# FS: Brand New Fluval Edge



## MELLO (Apr 21, 2010)

Brand New Fluval Edge still in a box. 
Black $85
specs:
Fluval Edge Aquarium pictures, specifications, and recommended stocking species | FLUVAL: The Official Blog from Hagen


----------



## pt1190 (Apr 21, 2010)

What size of tank is it?


----------



## MELLO (Apr 21, 2010)

Fluval Edge Aquarium pictures, specifications, and recommended stocking species | FLUVAL: The Official Blog from Hagen
specs are here


----------



## realshow (May 14, 2010)

they are 6 gal. 23 L


----------



## MELLO (Apr 21, 2010)

Bump O. B . O.


----------



## MELLO (Apr 21, 2010)

Price lowered $85


----------



## Petah (Dec 19, 2010)

PM'd you...


----------



## MELLO (Apr 21, 2010)

bumppp...........


----------



## MELLO (Apr 21, 2010)

Pending pick up


----------



## hgi (Jun 13, 2010)

These 6g were in petsmarts flyer yesterday for $67.99.


----------



## pacific (Apr 21, 2010)

hgi said:


> These 6g were in petsmarts flyer yesterday for $67.99.

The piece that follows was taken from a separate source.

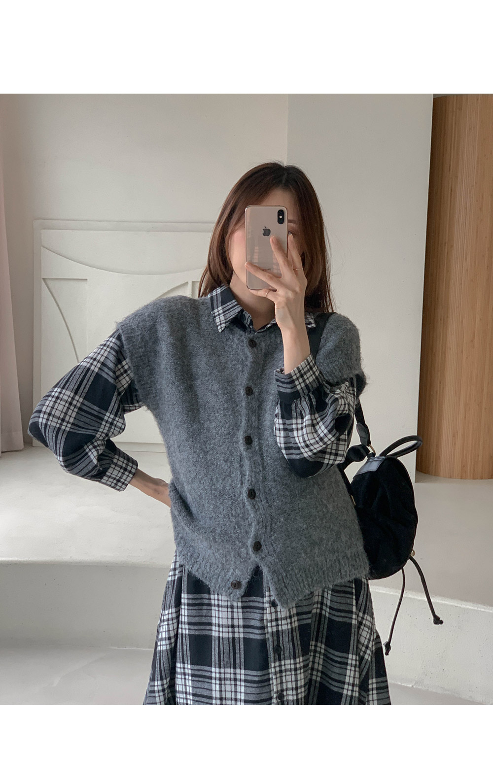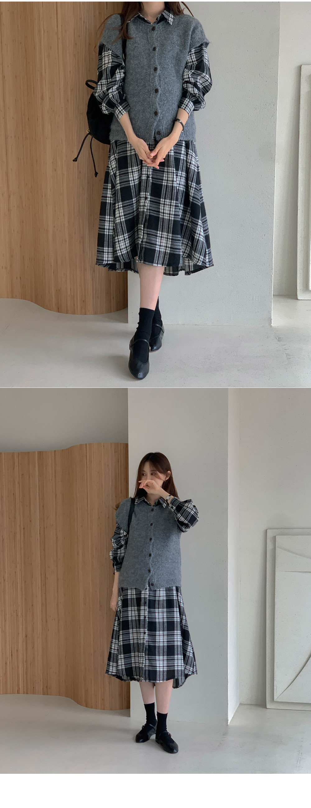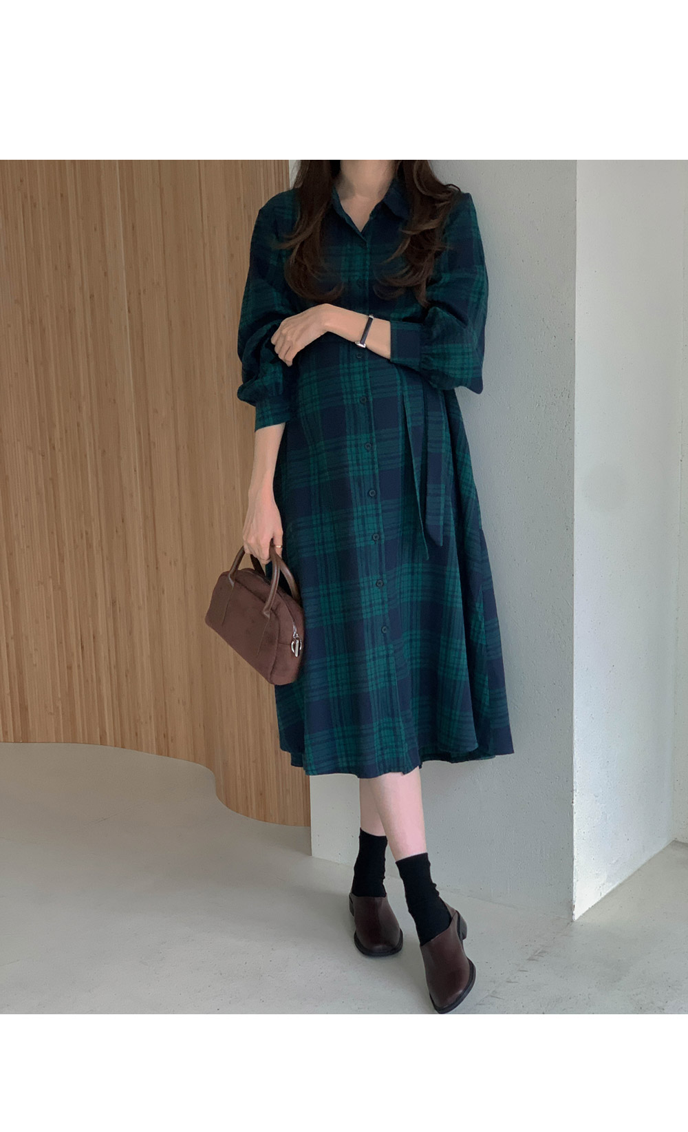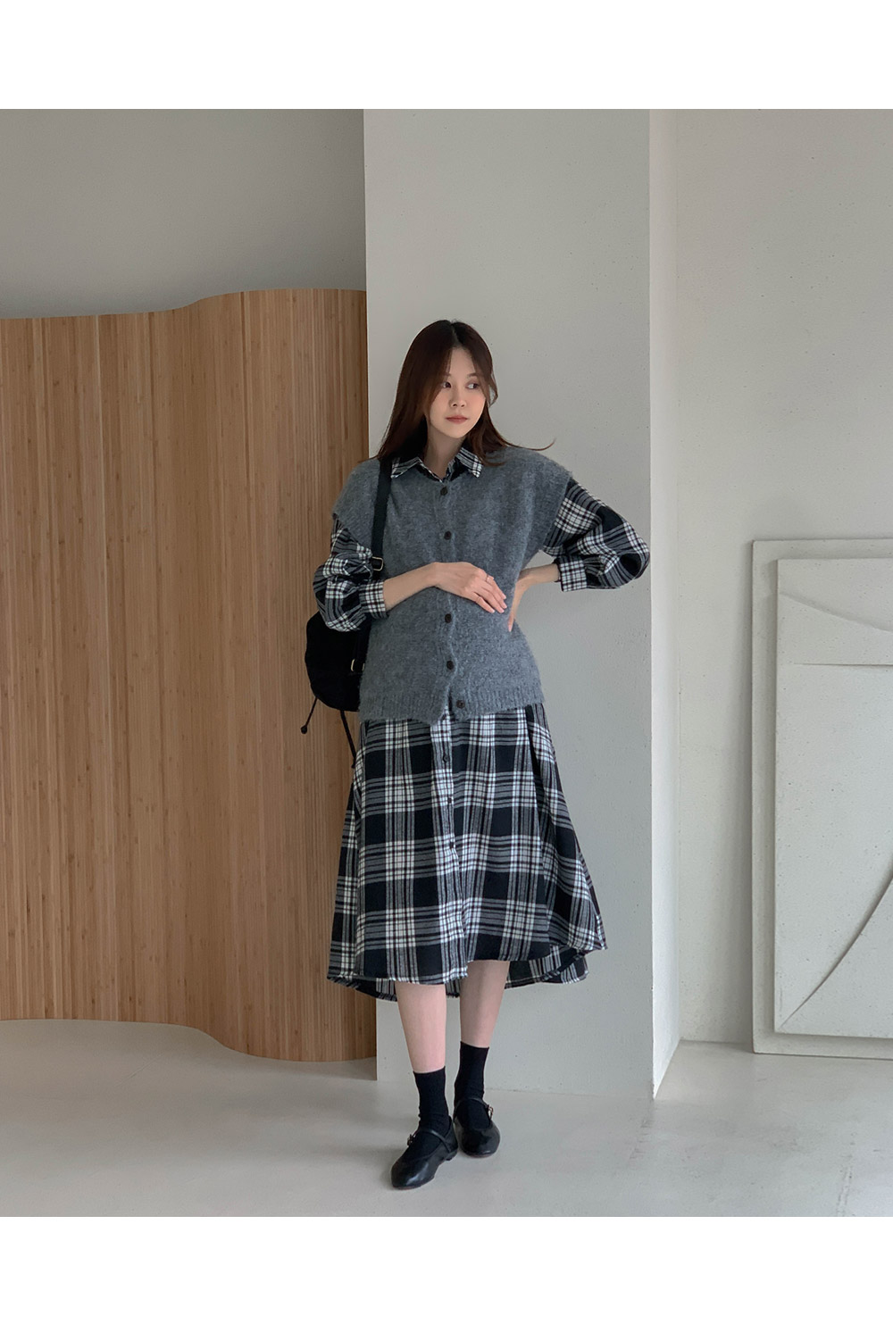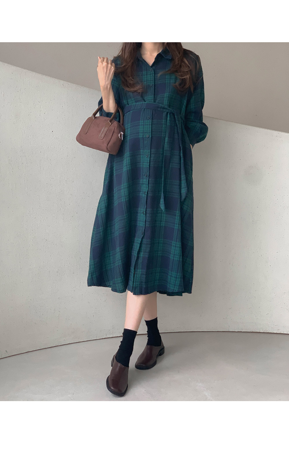 Maternity*Moren Check Shirt Dress (Fleece Peach))

I checked the flyer on PetSmart's website, and it is the 5G Fluval Chi which they have on for $67.99. I've never seen the Fluval Edge for less than $100 - they are on at PJ's right now for $119. So $85 sounds like a good deal to me.


----------



## MELLO (Apr 21, 2010)

Thanks Pacific!!! SOLD!


----------